Researchers from Zurich’s Institute of Embedded Systems at the University of Applied Sciences Winterthur have addressed the issue of reliability and safety in AI models. This is especially relevant for systems with essential safety integrated functions (SIF), such as edge-AI devices. The team noted that while existing redundancy techniques are effective, they are often computationally costly. They proposed a new method called “redundant execution,” which merges reliable model execution with non-reliable execution in a bid to minimize computational expenses while ensuring optimal performance.
“Redundant execution” implements the concept of a hybrid convolutional neural network (CNN) to facilitate reliable neural network execution. This hybrid network combines redundant execution techniques with standard CNN architectures to ensure the dependable execution of crucial operations while simultaneously minimizing computational resources.
The proposed approach was tested and found feasible by using the recognition of a “Stop” traffic sign as an example. The research found that integrating dependability features into a neural network is possible, but it does call for optimization. The hybrid CNN model narrows down the necessary dependable execution to extents that a dependable model determines, thus saving both footprint and computational power.

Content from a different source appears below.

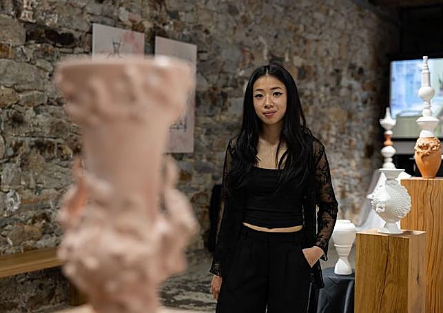 La cerámica es la disciplina en la que trabaja esta autora. Ahora bien, tal y como sucede con muchos de aquellos que trabajan hoy con el barro, las convenciones están para derribarlas. El espectador se encontrará con una obra situada entre el arte del barro, el diseño y la escultura. La creadora nos demuestra que su pasión confesa por los objetos trasciende la visión tradicional de la utilería y aspira a alzarse, literalmente, sobre las limitaciones físicas del horno y ganar altura.

In essence, this proposed method addresses the urgent requirement to ensure the safety and reliability of AI systems, particularly in safety-critical applications. The method partitions the CNN into reliable and unreliable executions and incorporates reliable datasets into the training process. The hybrid network proves robust and safe without increasing the computational overhead significantly. The method may be further extended to more complex neural network architectures and applications with additional optimization. Overall, the redundant execution approach significantly contributes to creating safe and dependable AI systems.